As I get out of the ultrasound room and get dressed, I am unable to focus.  It takes a few minutes to regroup.  Mechanically moving on to the CT-scan room, it occurs to me that the radiologist would hardly be able to specify whatever findings that he might have seen today as "malignant."  It is likely that those words I saw refer to my original diagnosis, since I was there for those scans as the patient with that diagnosis.  I reluctantly but cautiously feel my right breast and there is no distinct mass that I can discern.  Once again I tell myself that the radiologist could not have typed those words in.  There is no lump that I can feel.  Even if there was, he could not have determined the nature of whatever lump so precisely right then and there without a biopsy.  I carefully retrace the entire course of the examination.  He did not type much while examining the right breast.  I keep telling myself these things over and over like a mantra.  The more I think of it, the more I am convinced that it was my original diagnosis that probably has become my label.  Call it intuition or denial, it is good for now.  I should go with it, at least until I see my oncologist next week, although I am also carefully harboring that other possibility in one corner of my mind.  Yes, it is possible that he found something new today and wrote it down; I cannot rule that out.  I also know that something entirely different and unexpected may catch me by surprise, while I pore over what I saw on his computer screen.  As I sat in the waiting area in the CT-scan room, however, the fear gradually subsided even in my entangled mind.  Whatever it might be, if anything, there is nothing I can do but accept and deal with it.  For the rest of the day, I was able to put the fear aside.  For the rest of the day, I reminded myself of the resolution I had made to myself some time ago: I'll keep doing what I do for all the days I live, be they short or long.  In the hospital coffee shop, Martha Nussbaum's Poetic Justice keeps me good company.

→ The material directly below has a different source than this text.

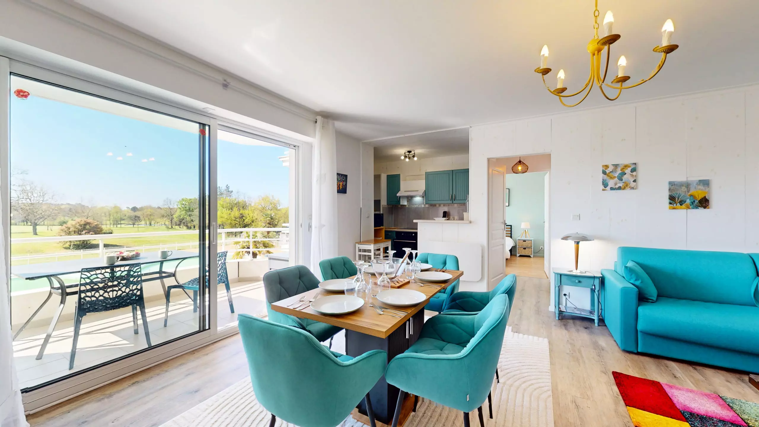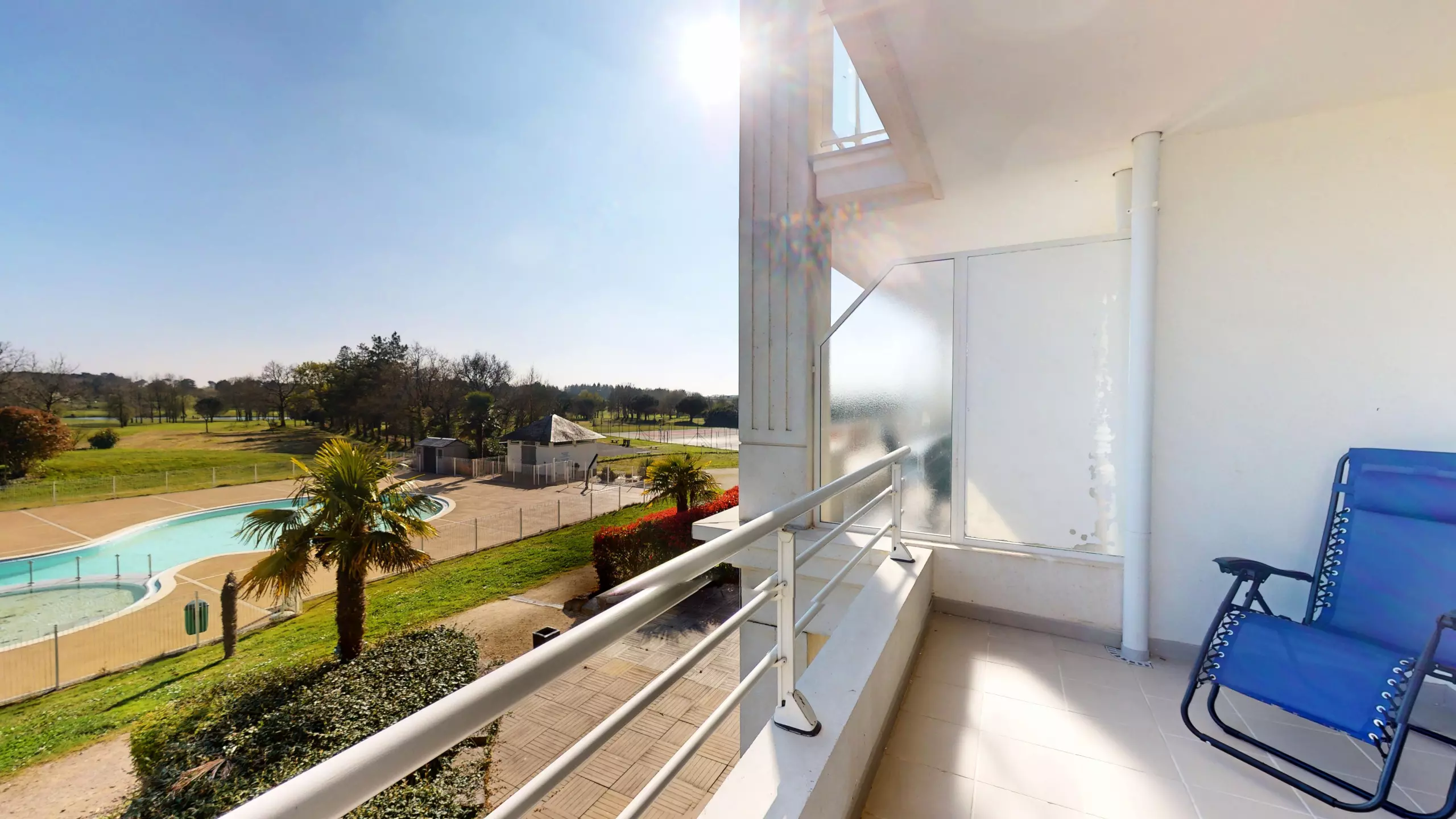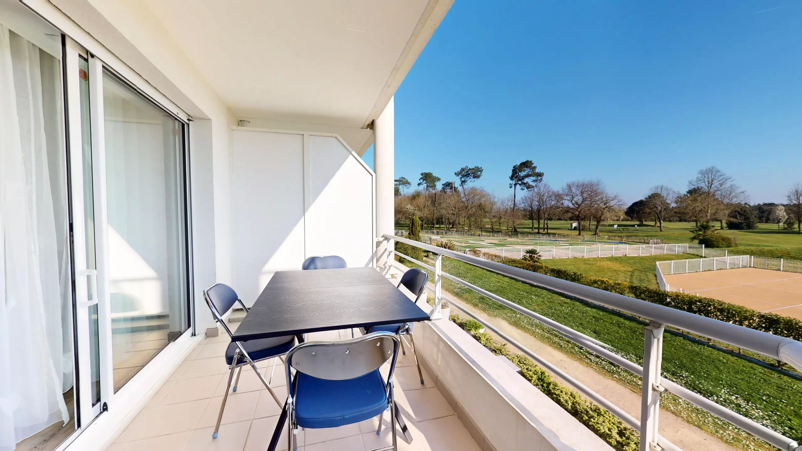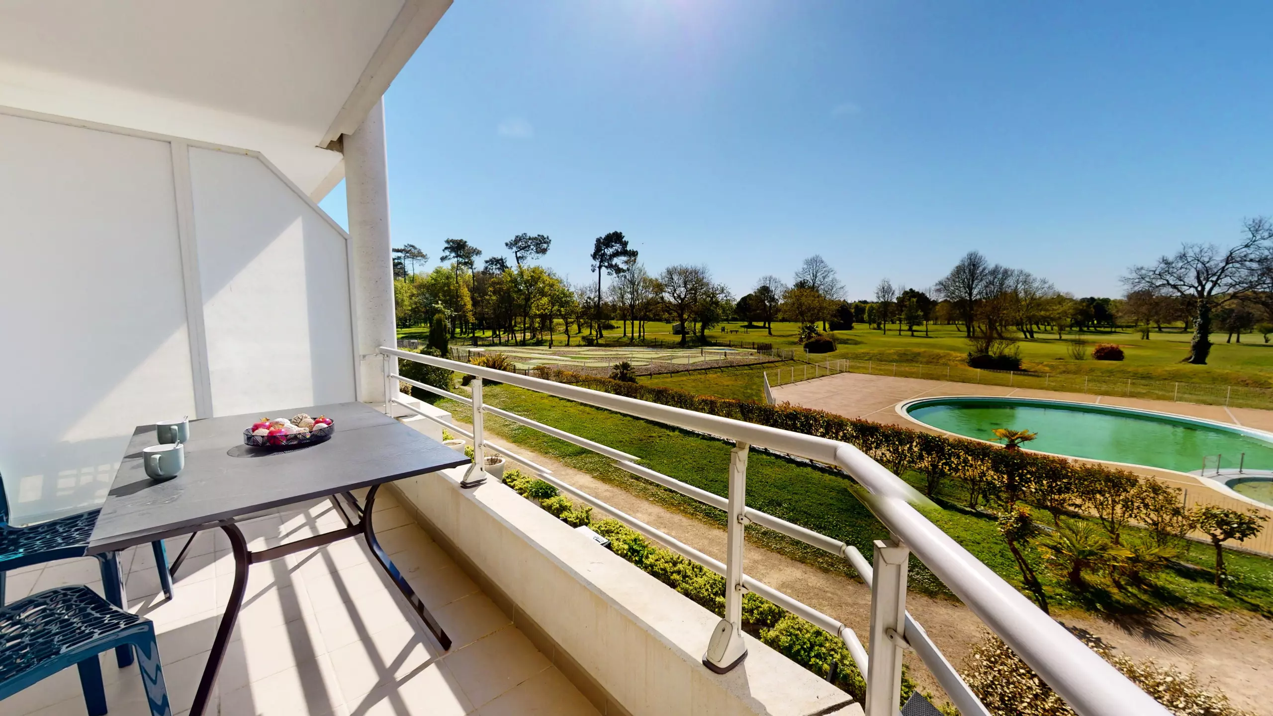 - A comfortable living room with sofa bed, opening onto a large furnished balcony facing the green and the swimming pool.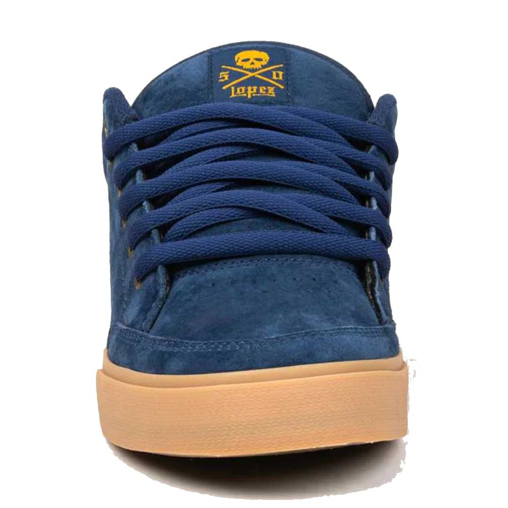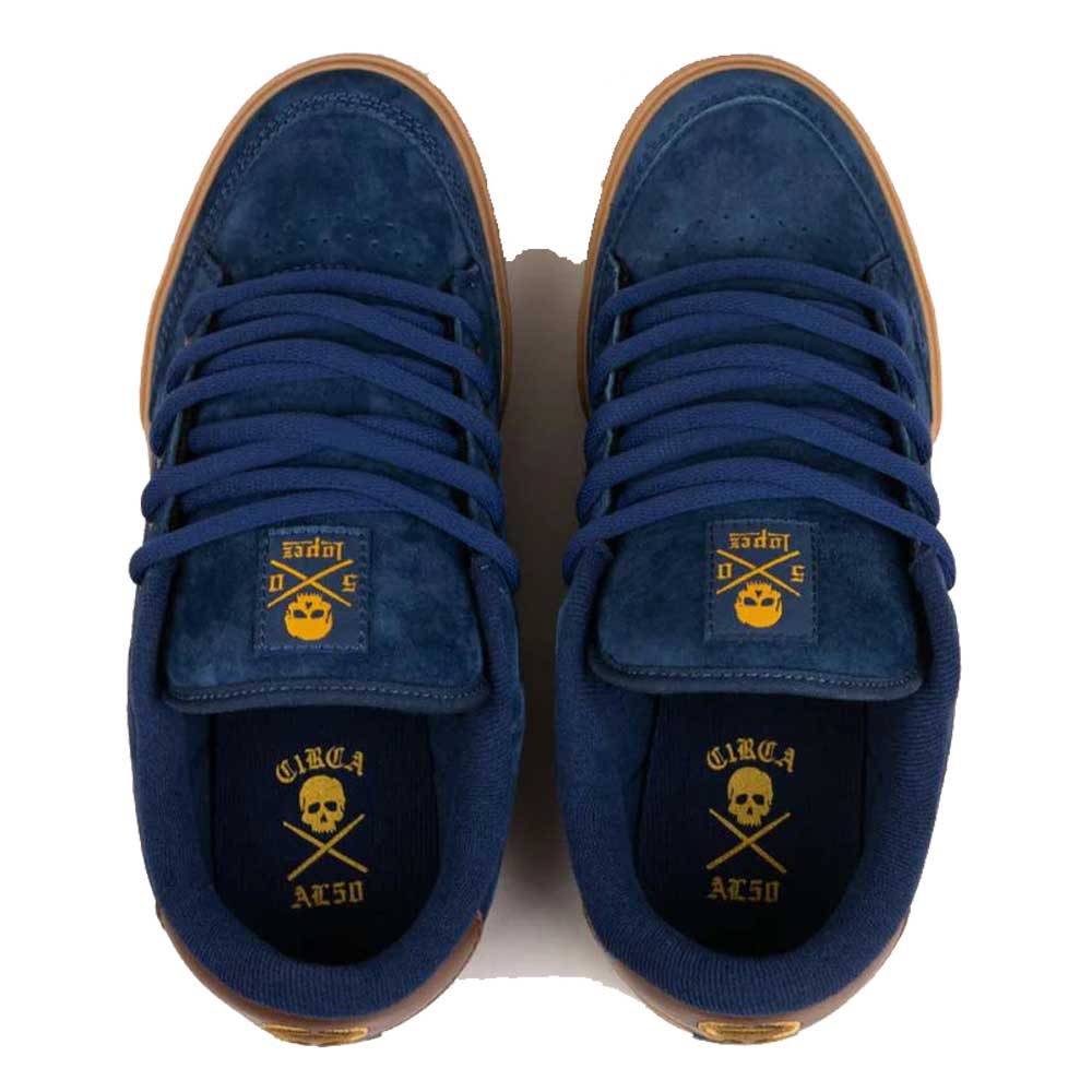 Le Scarpe da Skateboard C1rca AL 50 Navy Gum sono un modello firmate dallo skater Adrian Lopez. Questa scarpa, grazie alla sua Tomaia e ad un mix di eccellenti materiali, è ormai un gran classico. Punta con tripla cucitura, fori di metallo passa lacci, linguetta imbottita in mesh con logo teschio, strap elastico sotto la linguetta, sottopiede ammortizzato, suola vulcanizzata con ottimo grip.

As I live in constant fear, I realize over and over that fear is not sustainable, long term.  Our mind is clever enough to manipulate itself out of this dreadful state of fear.  It will desperately come up with some way to wriggle out out of it.  It will think of something, some reason that would nullify it or counterbalance it, even though the fear never disappears completely.  Coloring my life as a constant flirtation with the sublime is one way of doing it.  Braving the naked fact that my death would ultimately cause only very little disturbance to the world is another.  Honestly, though, it is not necessarily death itself that I fear most.  It is beyond fearful for sure, the absolute finality of it; but I mainly understand it to be the return to the state before my birth, and seen that way extinction doesn't seem so horrible.  It is the slow yet certain, incapacitating and painful, course of dying occasioned by difficult illnesses that I fear most.  Any one and every one will share this fear.  The difference is that my first-hand experience of cancer treatment lets this fear have a stronger and more real grip on me.  Picking things apart like this and becoming more aware of the nature of my own fear, however, doesn't help much.  Who could control her fate and choose the mode of her death?  Living with this shadow of death, this helplessness, this ultimate lack of choice, must be the essence of life; facing mortality is the burden of living itself that any conscious person should bear.  It is just that this burden is so very vividly felt in my daily life.  Perhaps I should be proud that I am living the essence of life, right in the very thick of it.  So there.  I repeat to myself: I'll keep doing what I do for all the days I live, be they short or long.  It is simple self-hypnosis, yet a surprisingly soothing therapy.  To keep doing what I do for all the days I live may not amount to much, but it certainly would be the best I could do and not the easiest, either.  Being able to go through with it would be something, at least to me, and finding out that I could would be a priceless solace.